About this task
When writing out the entries below, keep only the lines from the line with "新中式景墙3D模型下载" to the line with "Nuotrauka Pieva su", both included, exactly as they are, and leave the pictures aside.

[Extracted material]

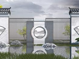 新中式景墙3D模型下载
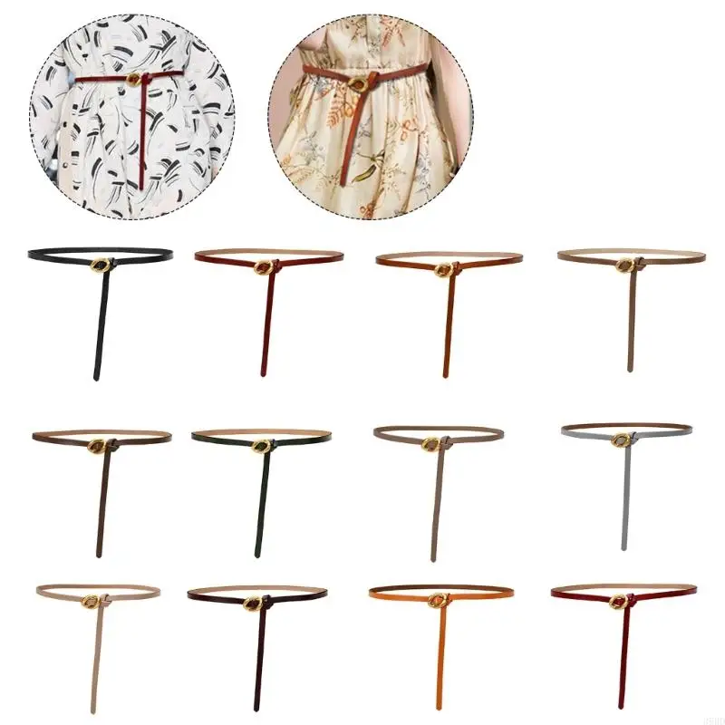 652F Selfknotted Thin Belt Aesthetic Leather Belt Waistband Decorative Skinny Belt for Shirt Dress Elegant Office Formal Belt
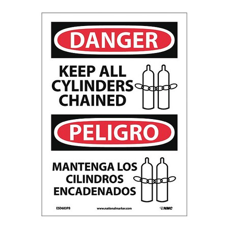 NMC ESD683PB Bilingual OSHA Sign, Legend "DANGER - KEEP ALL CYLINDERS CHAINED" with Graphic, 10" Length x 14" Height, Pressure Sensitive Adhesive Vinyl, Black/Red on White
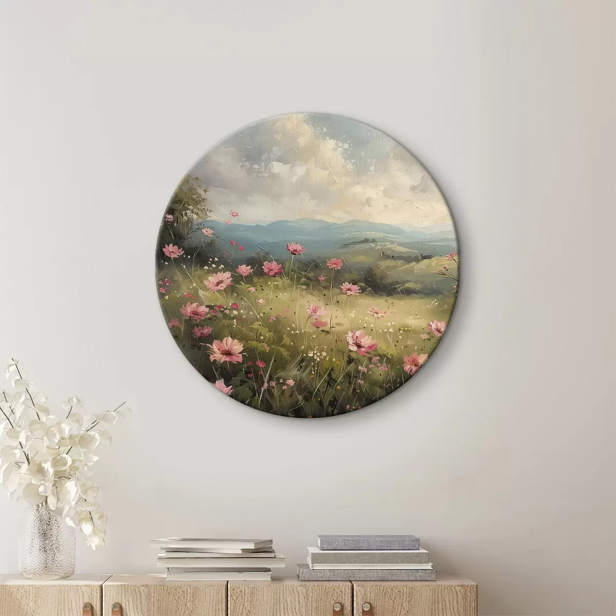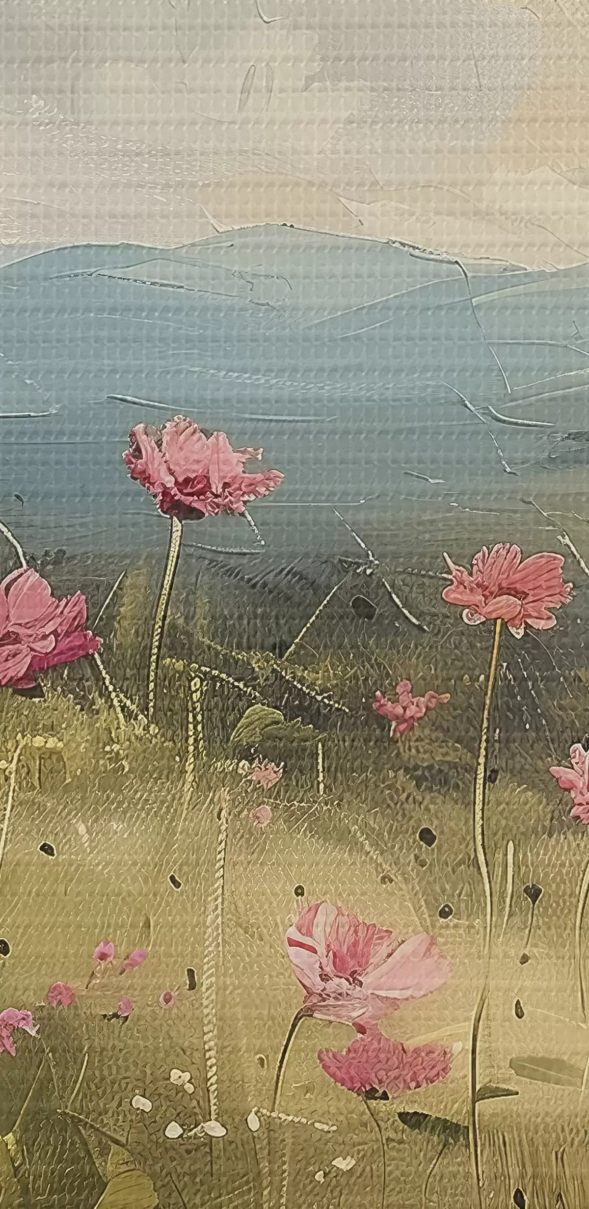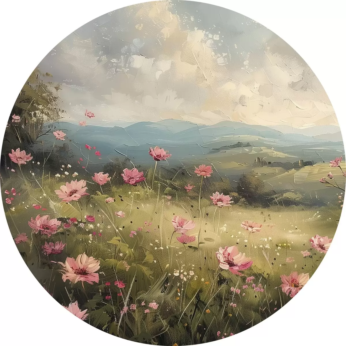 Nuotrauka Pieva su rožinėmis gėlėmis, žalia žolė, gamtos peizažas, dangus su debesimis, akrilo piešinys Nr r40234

[/Extracted material]
[Extracted material]

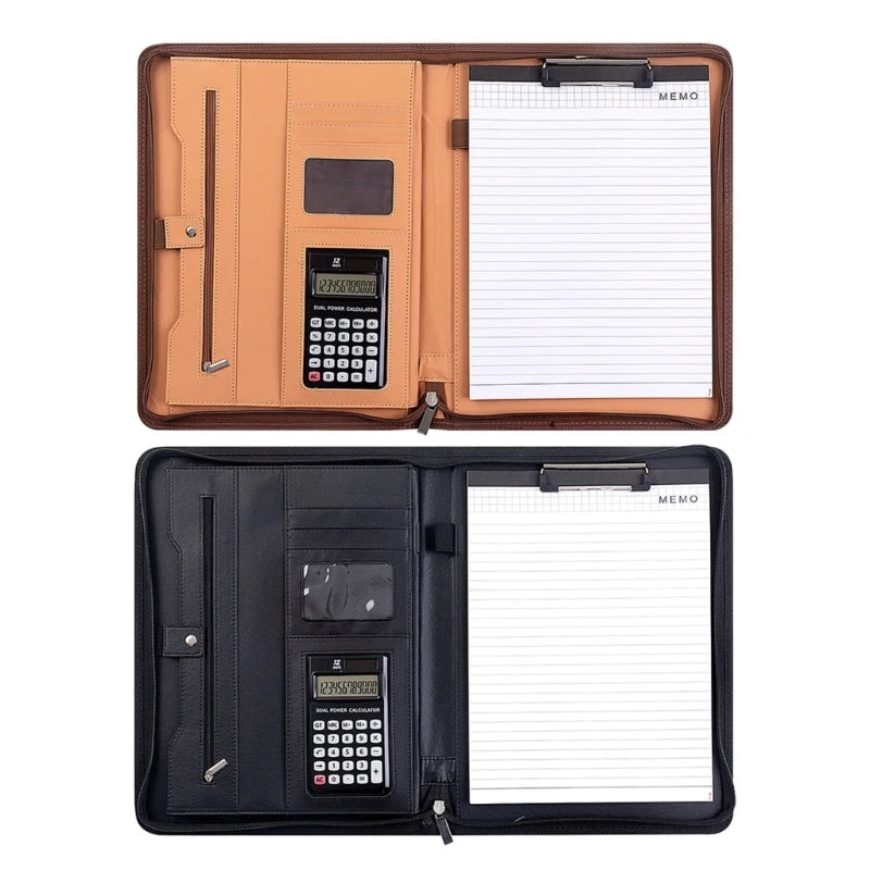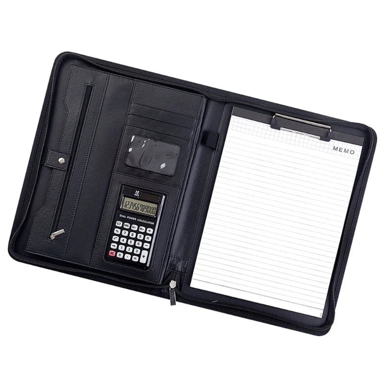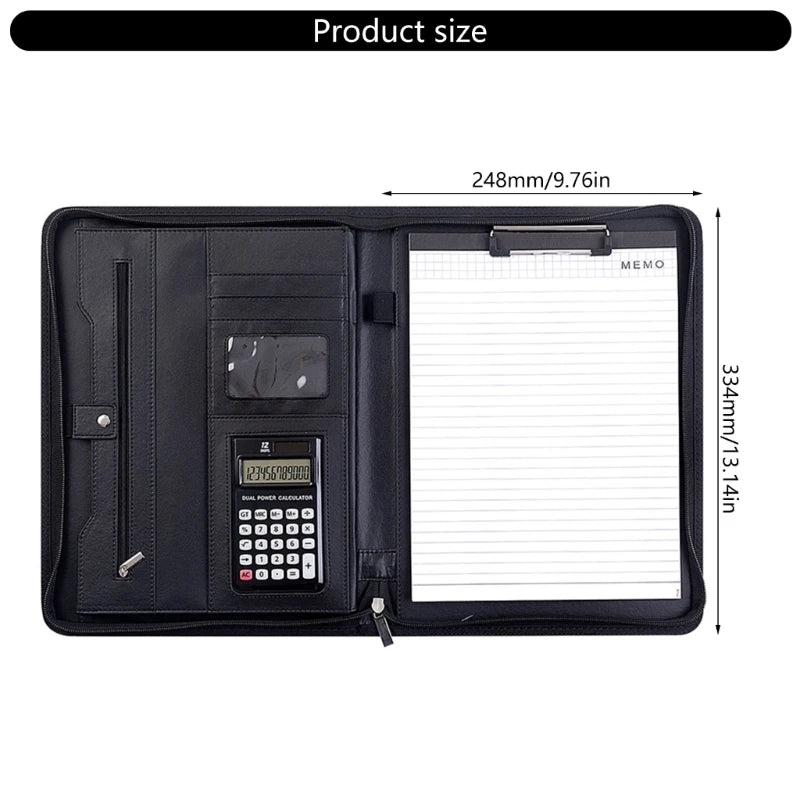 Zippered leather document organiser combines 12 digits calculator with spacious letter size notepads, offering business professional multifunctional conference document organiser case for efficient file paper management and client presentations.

[/Extracted material]
[Extracted material]

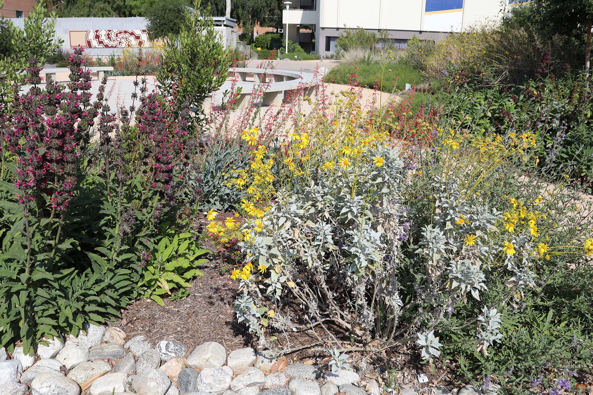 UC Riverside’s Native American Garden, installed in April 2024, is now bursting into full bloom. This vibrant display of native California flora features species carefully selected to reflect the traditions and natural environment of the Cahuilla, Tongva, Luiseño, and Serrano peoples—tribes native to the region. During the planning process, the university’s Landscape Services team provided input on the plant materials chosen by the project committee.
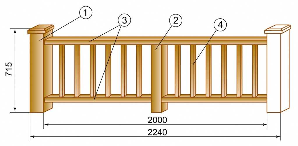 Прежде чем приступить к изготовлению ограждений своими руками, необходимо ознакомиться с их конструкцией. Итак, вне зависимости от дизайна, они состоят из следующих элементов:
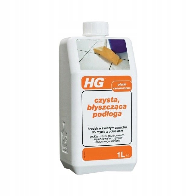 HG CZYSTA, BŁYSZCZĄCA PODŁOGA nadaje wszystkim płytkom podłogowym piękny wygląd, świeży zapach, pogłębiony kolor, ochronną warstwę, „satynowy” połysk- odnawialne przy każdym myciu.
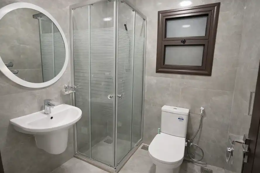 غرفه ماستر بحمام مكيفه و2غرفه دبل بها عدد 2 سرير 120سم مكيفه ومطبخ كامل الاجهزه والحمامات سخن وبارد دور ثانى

[/Extracted material]

Expected answer
 新中式景墙3D模型下载
 652F Selfknotted Thin Belt Aesthetic Leather Belt Waistband Decorative Skinny Belt for Shirt Dress Elegant Office Formal Belt
 NMC ESD683PB Bilingual OSHA Sign, Legend "DANGER - KEEP ALL CYLINDERS CHAINED" with Graphic, 10" Length x 14" Height, Pressure Sensitive Adhesive Vinyl, Black/Red on White
 Nuotrauka Pieva su rožinėmis gėlėmis, žalia žolė, gamtos peizažas, dangus su debesimis, akrilo piešinys Nr r40234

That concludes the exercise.